Few, if any, are as big as Jack Nicklaus, Arnold Palmer or Gary Player were in the 1960s and 1970s when they came here routinely and, between them, won the Australian Open 14 times.
Instead, at this week’s twinned men’s and women’s ISPS HANDA Australian Open at Kingston Heath and Victoria, the field is headlined by our local stars including Min Woo Lee and big sister, Minjee, the Camerons Smith and Davis, Marc Leishman, Hannah Green and the PGA champion Elvis Smylie playing his first week as the bright young star with expectations on his shoulders. (He’ll be just fine.)

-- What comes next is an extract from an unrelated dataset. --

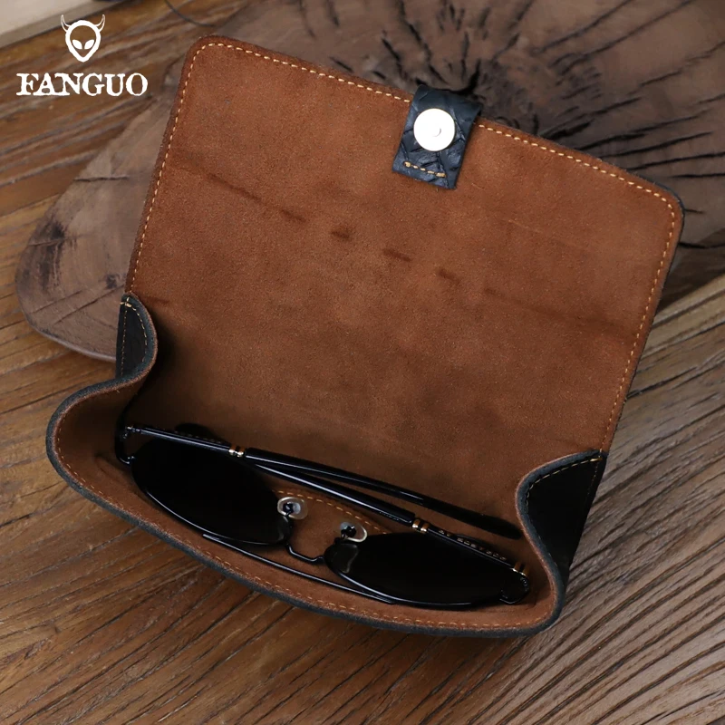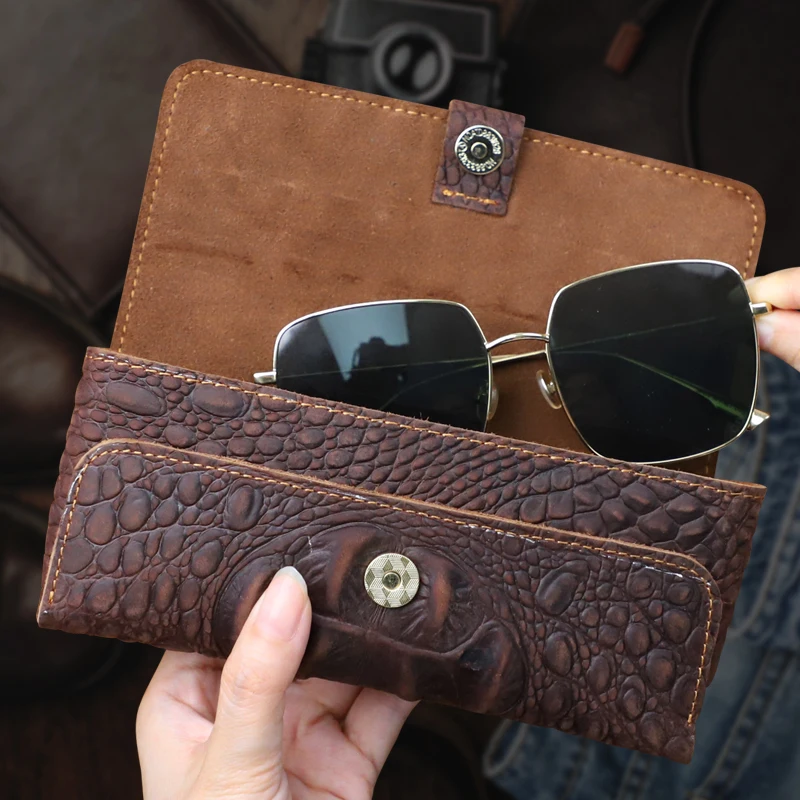 Echtes Leder mit Krokodil Muster Gläser Tasche Handgemachte Rindsleder Sonnenbrille Halter Box Retro Brillen Organizer Fall

The other young Australian hopeful this week is Karl Vilips who only turned pro in June but played well enough over the second half of the Korn Ferry Tour season to earn his 2025 PGA Tour card.

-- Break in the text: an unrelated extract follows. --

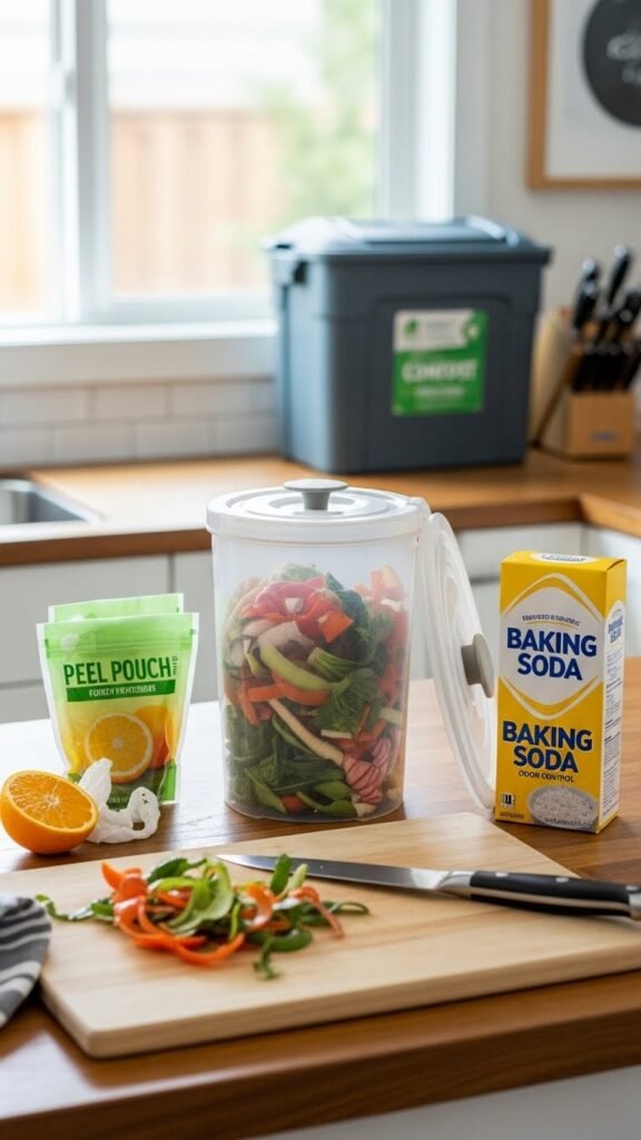 You’ll empty it by the kitchen sink or into a larger compost bin. Use peel pouches for citrus, practice odor control with baking soda, and enjoy the freedom of cleaner, efficient meal prep.
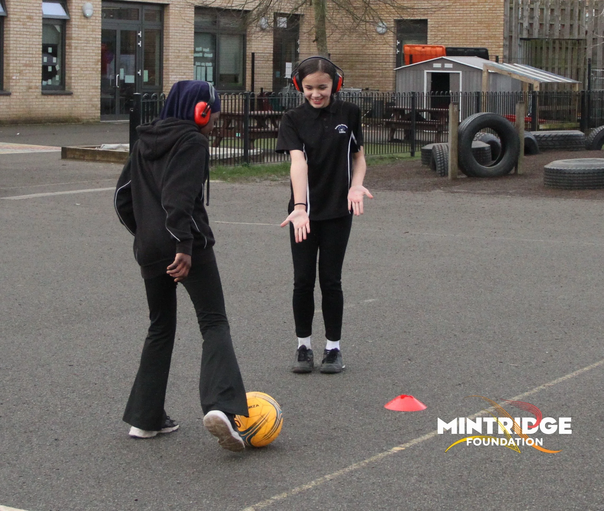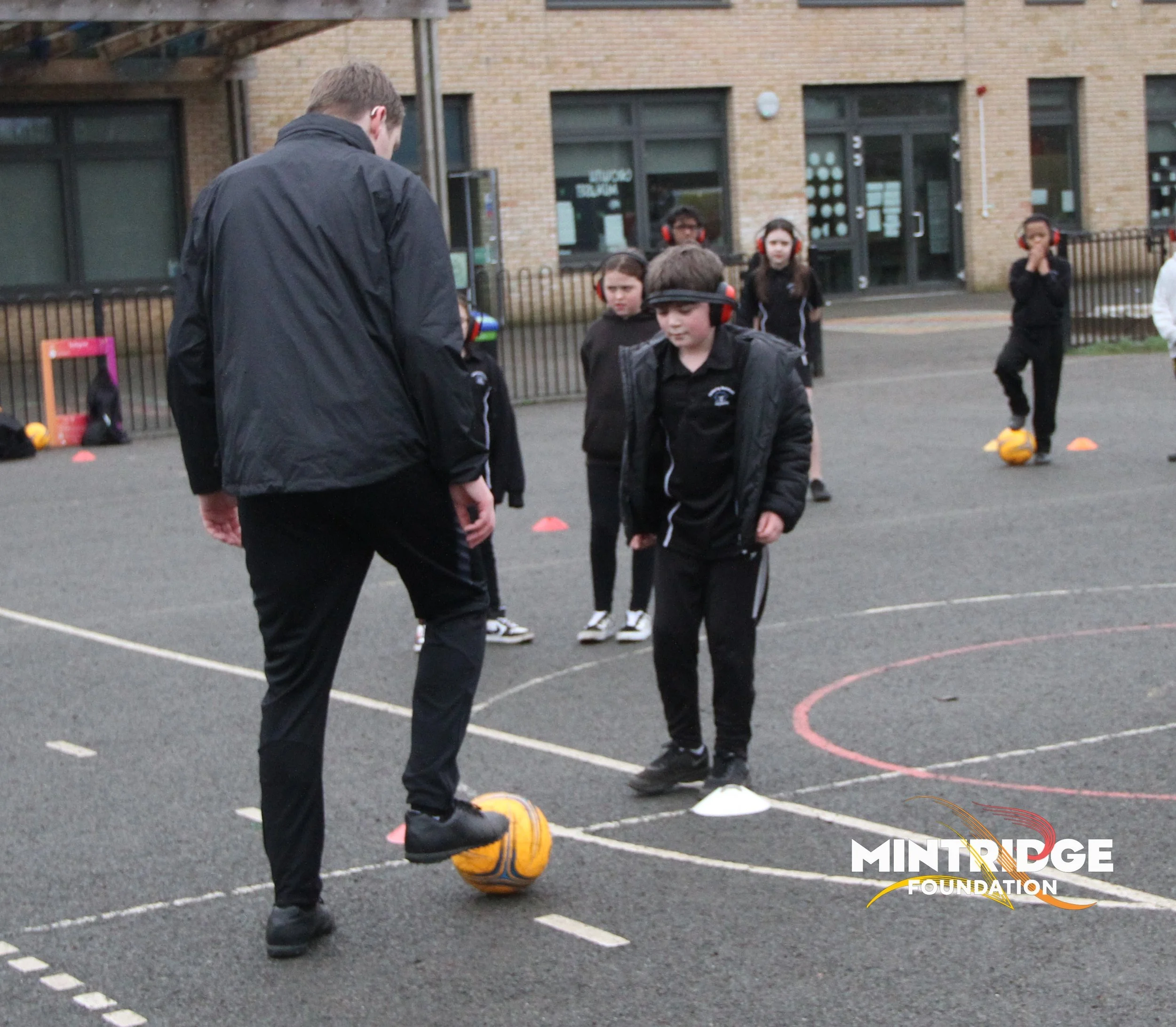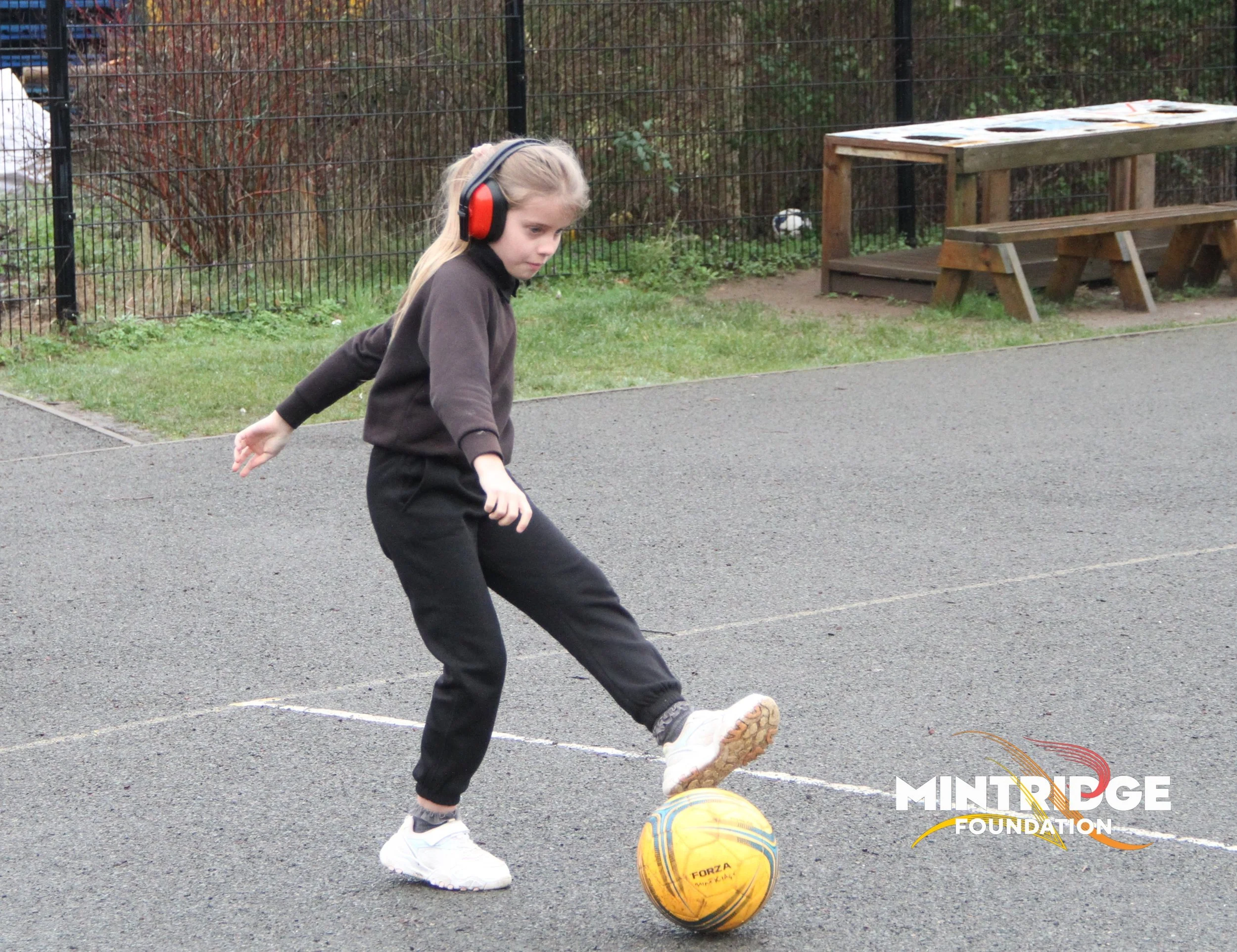 Following the assembly, Aileen and Fil delivered football coaching sessions for Years 5 and 6, focusing on key skills, teamwork, and communication. Half of the class wore ear defenders to encourage sharper visual focus, clear signalling and working together while the other half were with Aileen focusing on core skills but using more traditional communication.

The defending champion Joachim Niemann is delightfully back alongside a men’s field half filled with DP World Tour players, the contingent of which improves with each successive year of the Open’s co-sanctioning arrangement.
One of particular interest for those looking for the next generation might be the 20-year-old Spaniard Angel Ayora, who was sixth last week at Royal Queensland. He is managed by Javier Ballesteros, the son of the great man, and if he’s half as much fun to watch it’ll be a darn good show.
The real stars this week, however, are the two golf courses and they don’t cost anything aside from a fee to cover the inconvenience to setting the whole show up.
Indeed, if the courses put their hands up for an appearance fee, it’d be well north of a million dollars if the rate of two top 100 players in the world is the measure. (Kingston Heath is rated 22 in the world and Victoria 96.)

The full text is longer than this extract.